**Your task:** Exactly the lines from the one containing "來(lái)源:X虎撲10月" through the one containing "Tại cửa động, không" in the listing below are to be copied, with the pictures left out.

**Records supplied:**
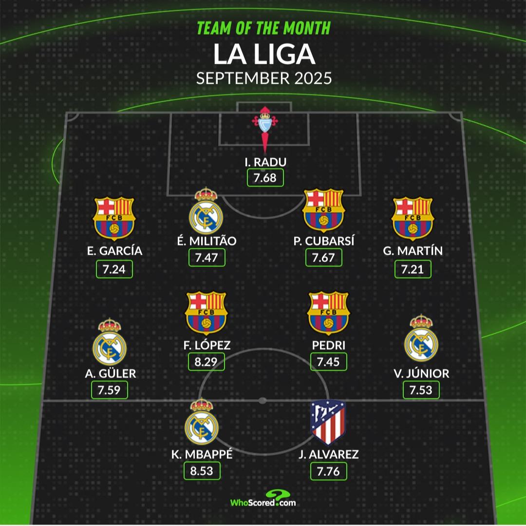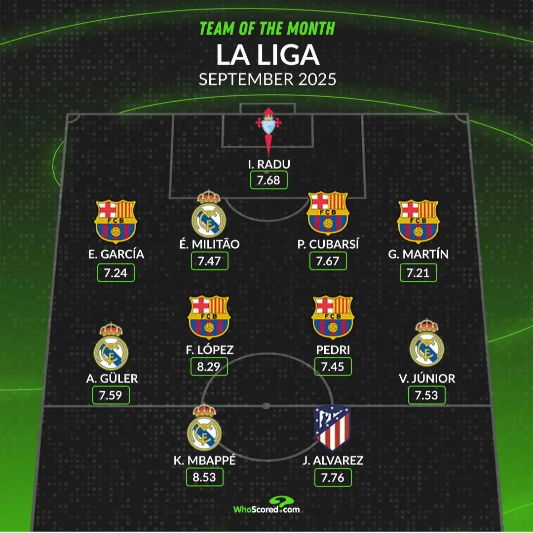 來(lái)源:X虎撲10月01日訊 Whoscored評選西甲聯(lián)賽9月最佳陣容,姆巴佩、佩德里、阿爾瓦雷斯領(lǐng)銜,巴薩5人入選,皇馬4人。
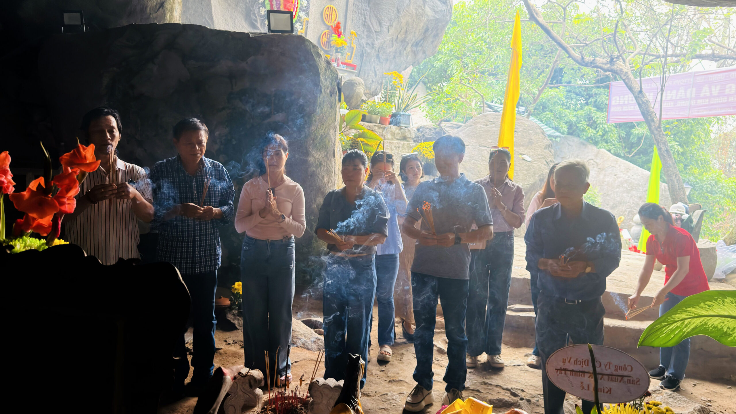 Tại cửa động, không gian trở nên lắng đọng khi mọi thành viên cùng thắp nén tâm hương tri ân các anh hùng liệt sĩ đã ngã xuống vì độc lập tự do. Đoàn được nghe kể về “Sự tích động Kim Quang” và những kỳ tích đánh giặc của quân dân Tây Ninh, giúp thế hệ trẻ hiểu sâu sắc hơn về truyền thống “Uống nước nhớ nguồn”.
* * *
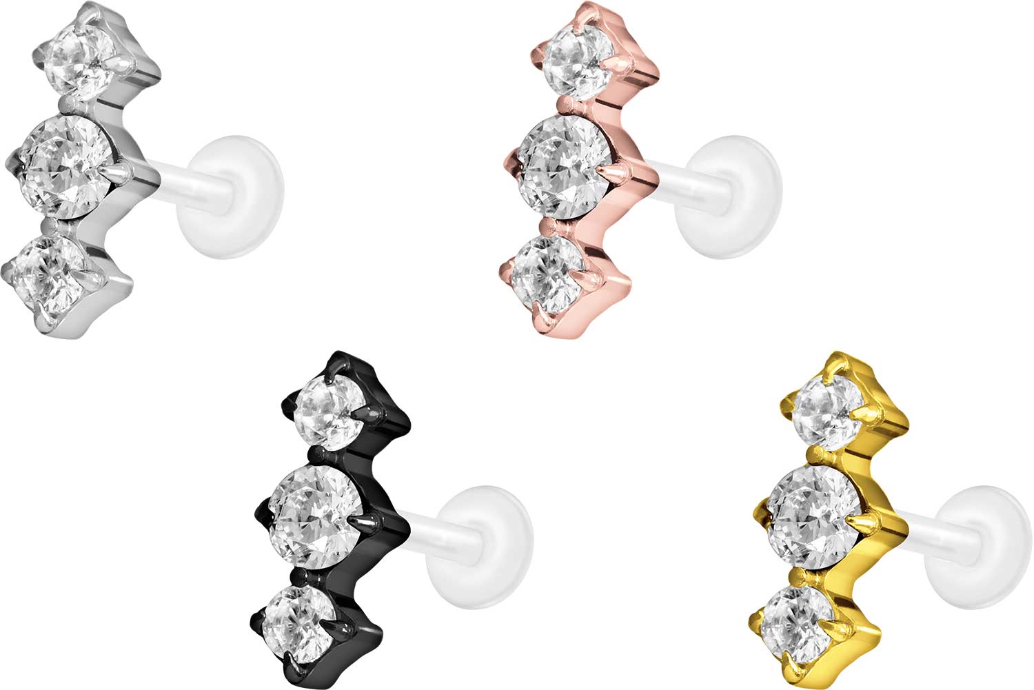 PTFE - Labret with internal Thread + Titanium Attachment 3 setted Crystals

**Solution to the problem:**
 來(lái)源:X虎撲10月01日訊 Whoscored評選西甲聯(lián)賽9月最佳陣容,姆巴佩、佩德里、阿爾瓦雷斯領(lǐng)銜,巴薩5人入選,皇馬4人。
 Tại cửa động, không gian trở nên lắng đọng khi mọi thành viên cùng thắp nén tâm hương tri ân các anh hùng liệt sĩ đã ngã xuống vì độc lập tự do. Đoàn được nghe kể về “Sự tích động Kim Quang” và những kỳ tích đánh giặc của quân dân Tây Ninh, giúp thế hệ trẻ hiểu sâu sắc hơn về truyền thống “Uống nước nhớ nguồn”.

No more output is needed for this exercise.